Мое знакомство с мифологией началось с мифа о Нарциссе, который она мне тогда первый раз рассказала. А потом добавила: «Зеркало как мед – в малых дозах лекарство, а в больших – яд». Позже я от нее узнала о предании, как злые духи однажды подарили людям зеркало. «Они не хотели, – рассказывала она, – чтобы человек оставался наедине с собой, со своими мыслями и душой. Зеркало обманывало человека, создавая иллюзию, что он не одинок. Уводя его далеко – далеко от понимания себя. Помни об этом внучка, чтобы не попасться в эту коварную ловушку».
…Эх, бабушка! Я сейчас и на иллюзию согласна, только бы уменьшить боль одиночества. Я стою так близко к зеркалу, что вижу слабые очертания своего силуэта сквозь тонкое кружево. Мне почему-то совсем не хочется сходить с этого места. Словно, что-то удерживает меня. Неужели я действительно надеюсь и жду помощи от зеркала? Дааа… Если так и дальше пойдет, то похоже Мила меня таки познакомит со своим новым другом психиатром. Ему должен быть интересен новый зеркальный метод лечения, как альтернатива классической психиатрии. Хотя, памятуя одну из моих клиенток, – даму эксцентричную и с большой претензией, которая в результате как оказалось, была довольно известным в определенных кругах психиатром, я понимаю, что этот вопрос может оказаться спорным. Исход напрямую может зависеть от того, чьи аргументы будут убедительней. И будем мы, как Рагин с Громовым из шестой палаты Антона Павловича, вместе в зеркало заглядывать.

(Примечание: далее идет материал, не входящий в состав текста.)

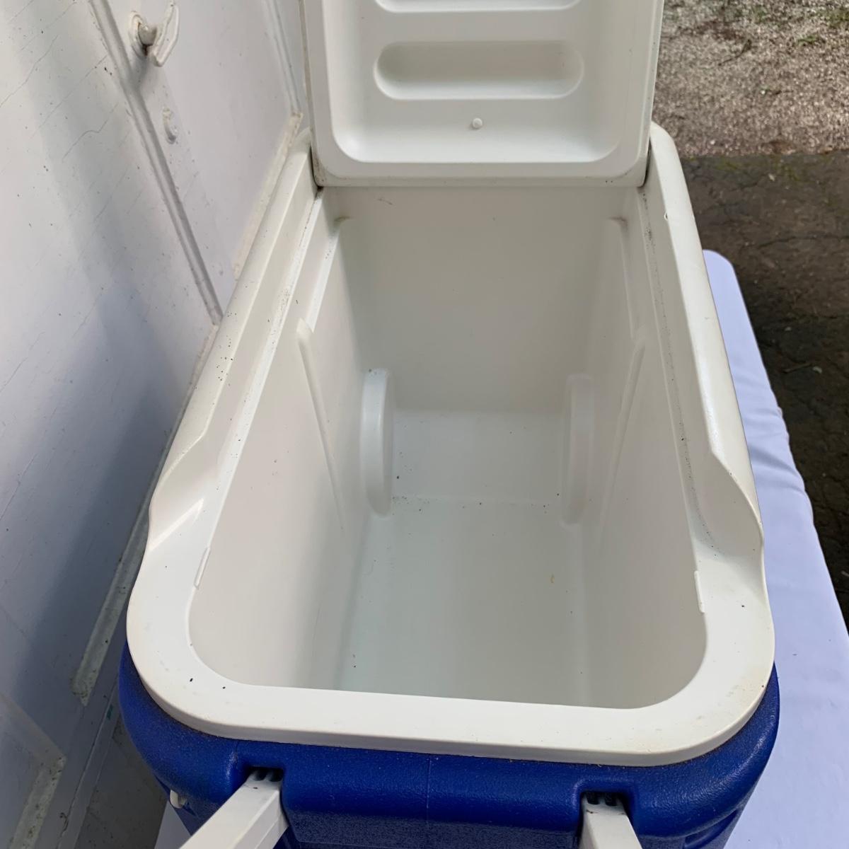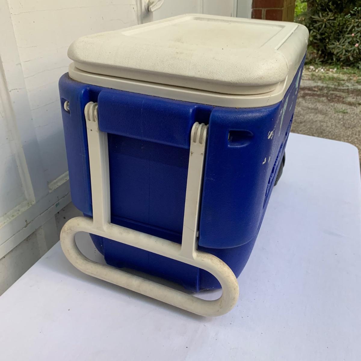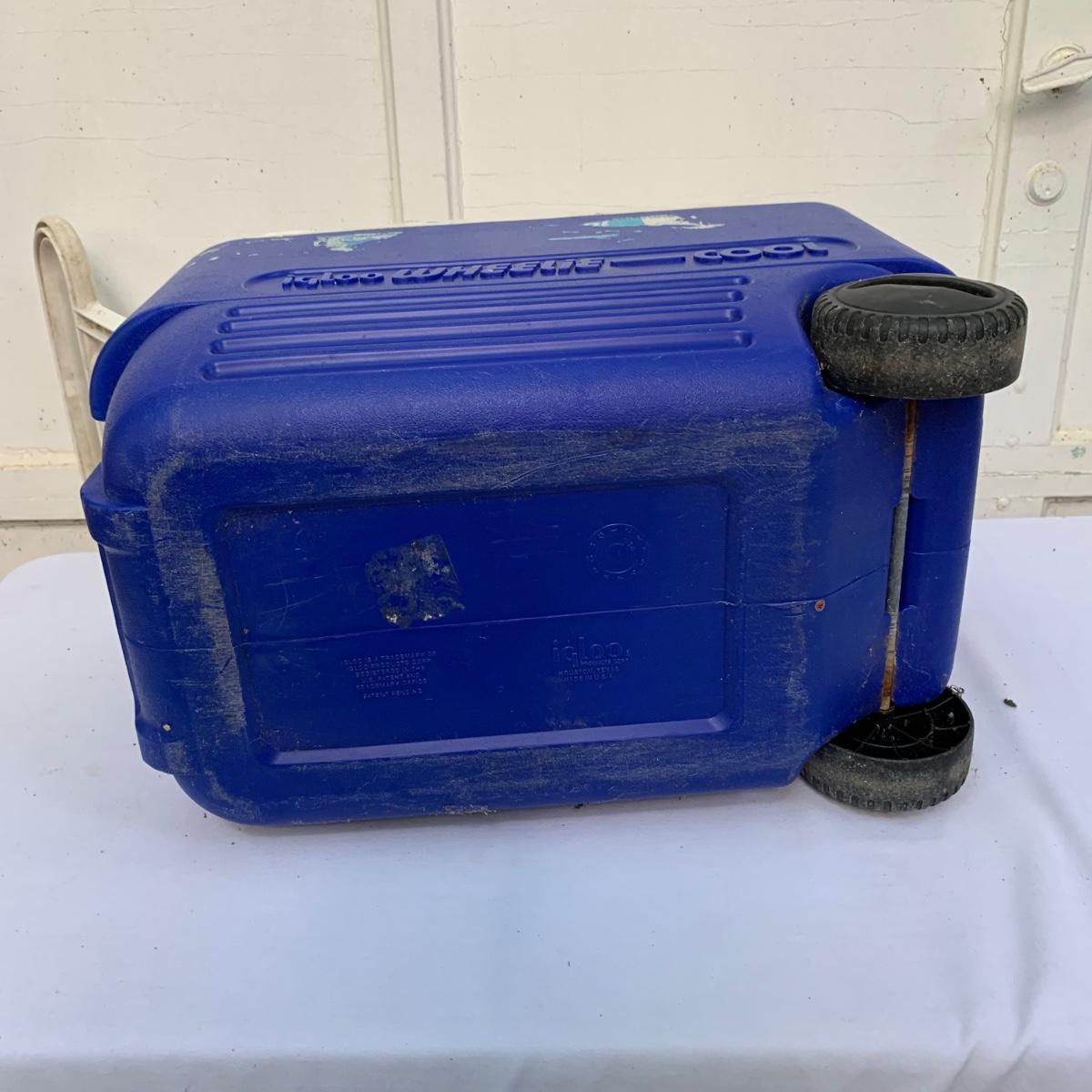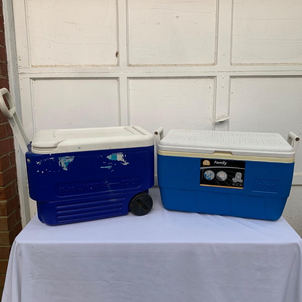 Two blue plastic Igloo coolers. The one without wheels has a 48 qt. capacity and can hold 76 cans. The bottom of this one is slightly uneven, but it is still sturdy. This cooler measures 24” x 14” x 15”. The Igloo “Wheelie Cool” cooler appears to be just slightly smaller. Both are a bit dirty from use. Local pickup only.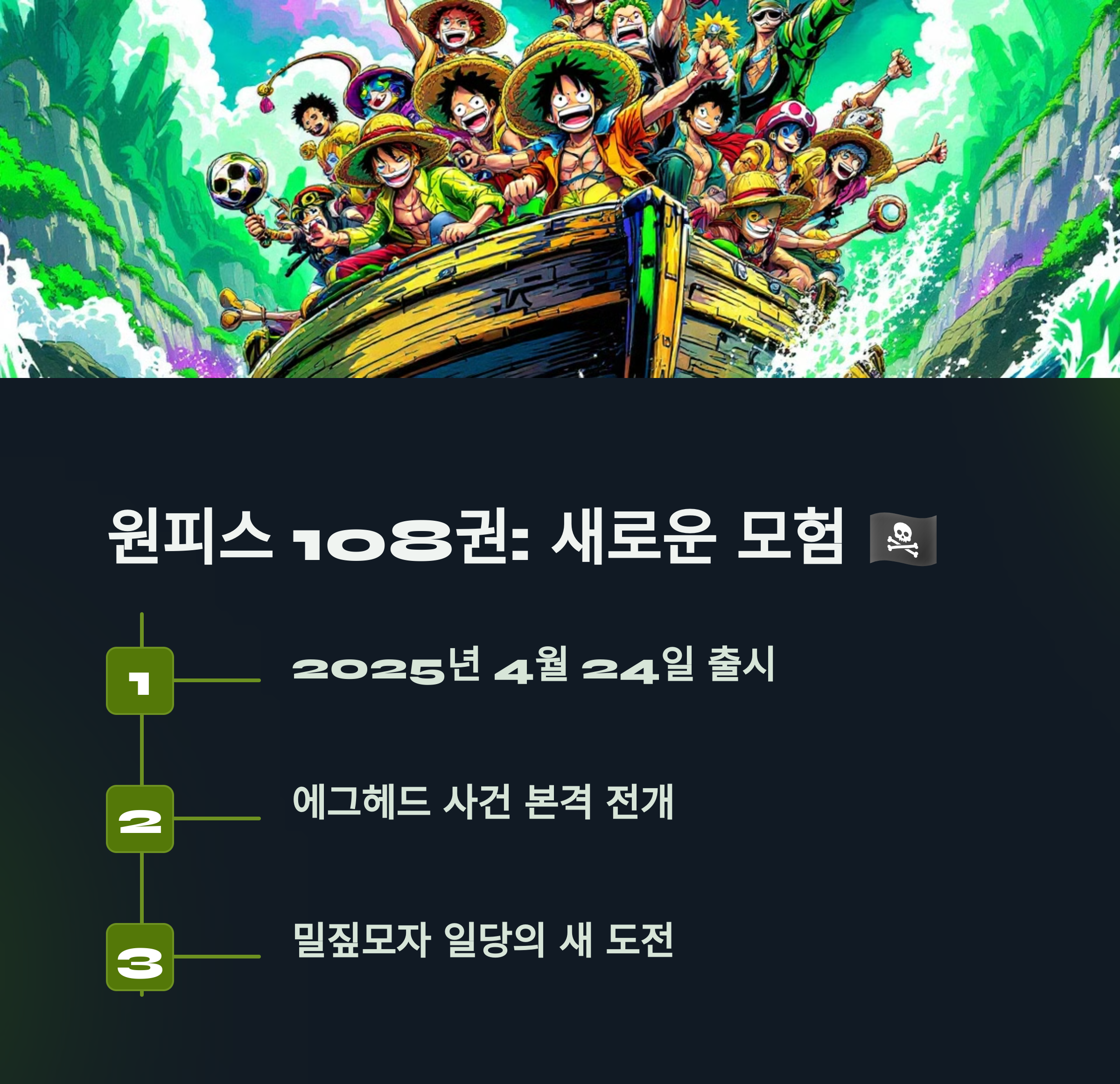| One Piece 108권 | 2025년 4월 24일 (영어판) | 에그헤드 사건 본격 전개 |
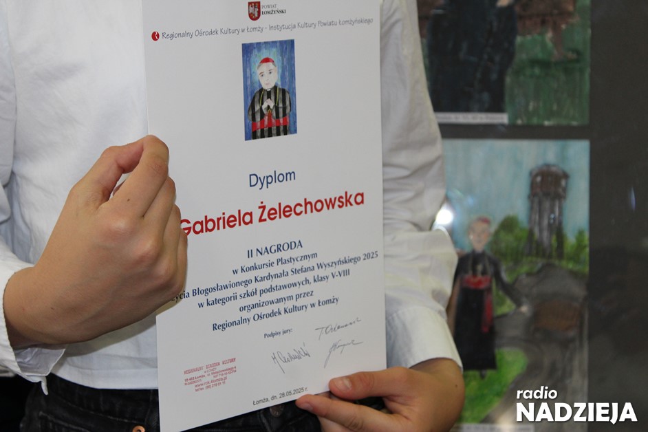 –Konkurs polegał na tym, żeby wykonać pracę twórczą w formacie A4, która przedstawiałaby albo fragmenty z życia błogosławionego kardynała Stefana Wyszyńskiego albo nawiązanie do motta konkursu. Dzieci poradziły sobie bardzo dobrze. Niektóre osoby do nas dzwoniły i pytały w jaki sposób można wyrazić to motto i przedstawić je w pracy. Przewidzieliśmy takie nagrody, które będą rozwijały twórcze zdolności dzieci, czyli materiały plastyczne – mówi Andrzej Żmuda – instruktor z Regionalnego Ośrodka Kultury w Łomży: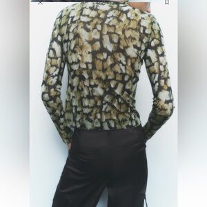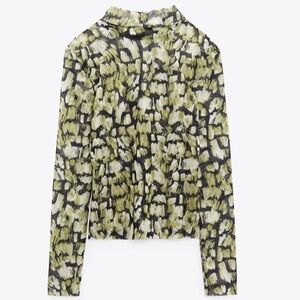 ZARA PRINTED TULLE SHIRT BLACK GREEN SZ M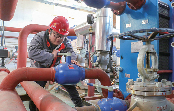工作人員在供熱首站進(jìn)行設(shè)備調(diào)試檢查

Как говорила бабушка, «в жизни все может быть». Даже то, чего не может быть.
Нуу не может же быть например, чтобы твой силуэт в зеркале шевелился, в то время как ты сама стоишь неподвижно? Правда? Это просто оптический обман. Или галлюцинация? – cпрашиваю у себя. И что я должна сама себе ответить? А может дружным хором всех голосов моего дебютирующего психоза спросим у зеркала? Ну типа: «Cвет мой зеркальце, скажи, да всю правду доложи…!» Если ответит – звоню Милке, решила я, но сначала сниму кружево. Похоже это оно своей кружевной паутиной создает эффект движения. Не успеваю протянуть руку, как снова мерещится. Я же еще не дотронулась до ткани, а она сама медленно стекает по зеркальной глади. Шутить уже не получается и я просто зажмуриваю глаза от страха, как в детстве. Тогда этот фокус выручал. Если не вижу того, что пугает – значит и нет страшилки. А если и есть, то она меня не увидит. Я же ее не вижу! О, блаженная детская наивность! Как легко тогда можно было спрятаться подобным образом от проблемы. Бабушка, заставая меня в такой обороне, всегда мягко отнимала мои запотевшие ладошки от лица, гладила по волосам, а потом мы вместе шли посмотреть на то, что меня так сильно напугало. И всегда оказывалось, что ничего страшного-то и не было. Но я все равно чувствовала себя победительницей и героиней. Бабушка улыбалась тогда, глядя как я раздуваюсь от гордости. И всегда добавляла: «Mоя смелая девочка, помни, врага всегда нужно знать в лицо. Иначе как ты сможешь его победить?»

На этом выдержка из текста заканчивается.